**Try it:** When you retype the data, keep every word exactly and include none of the pictures.

Records from a dataset
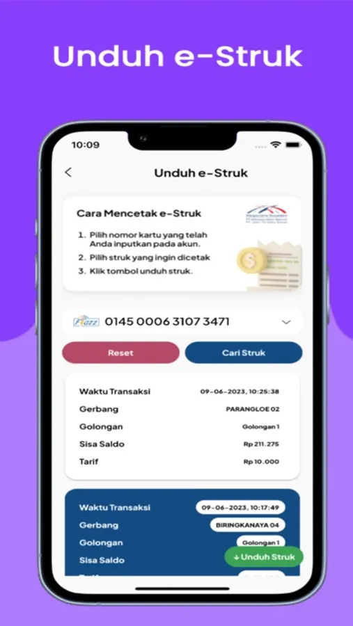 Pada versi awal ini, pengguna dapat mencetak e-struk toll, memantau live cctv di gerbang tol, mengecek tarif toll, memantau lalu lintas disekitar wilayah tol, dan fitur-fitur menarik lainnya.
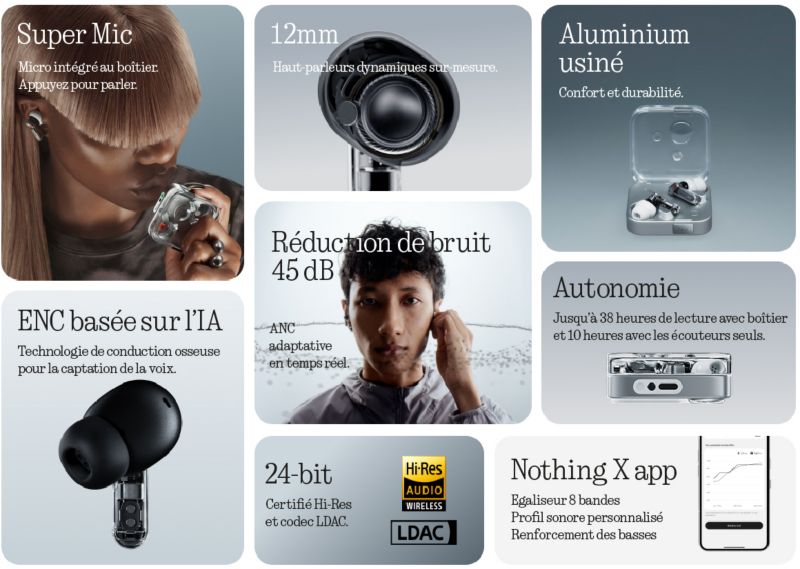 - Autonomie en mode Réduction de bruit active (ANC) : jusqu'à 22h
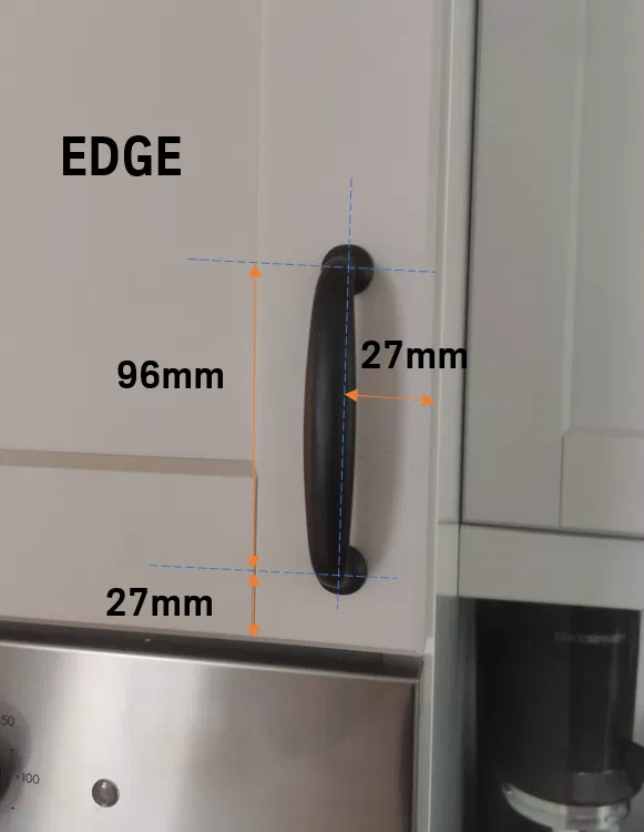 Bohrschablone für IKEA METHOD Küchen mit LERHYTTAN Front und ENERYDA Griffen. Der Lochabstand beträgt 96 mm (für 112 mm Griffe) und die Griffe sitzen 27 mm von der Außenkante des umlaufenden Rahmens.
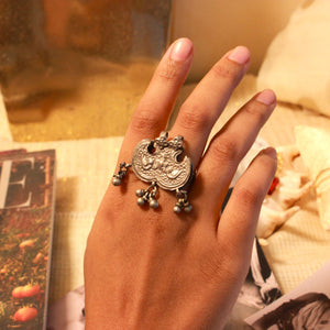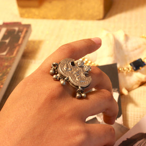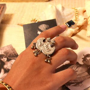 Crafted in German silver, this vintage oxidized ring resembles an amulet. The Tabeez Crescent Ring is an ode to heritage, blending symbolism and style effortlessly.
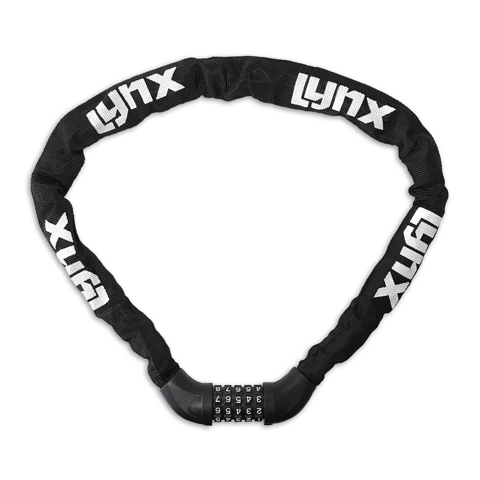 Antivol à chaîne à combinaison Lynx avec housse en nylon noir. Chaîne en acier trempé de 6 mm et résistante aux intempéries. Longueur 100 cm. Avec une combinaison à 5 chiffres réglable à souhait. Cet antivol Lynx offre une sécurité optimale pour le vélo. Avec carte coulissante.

**Task response:**
 Pada versi awal ini, pengguna dapat mencetak e-struk toll, memantau live cctv di gerbang tol, mengecek tarif toll, memantau lalu lintas disekitar wilayah tol, dan fitur-fitur menarik lainnya.
 - Autonomie en mode Réduction de bruit active (ANC) : jusqu'à 22h
 Bohrschablone für IKEA METHOD Küchen mit LERHYTTAN Front und ENERYDA Griffen. Der Lochabstand beträgt 96 mm (für 112 mm Griffe) und die Griffe sitzen 27 mm von der Außenkante des umlaufenden Rahmens.
 Crafted in German silver, this vintage oxidized ring resembles an amulet. The Tabeez Crescent Ring is an ode to heritage, blending symbolism and style effortlessly.
 Antivol à chaîne à combinaison Lynx avec housse en nylon noir. Chaîne en acier trempé de 6 mm et résistante aux intempéries. Longueur 100 cm. Avec une combinaison à 5 chiffres réglable à souhait. Cet antivol Lynx offre une sécurité optimale pour le vélo. Avec carte coulissante.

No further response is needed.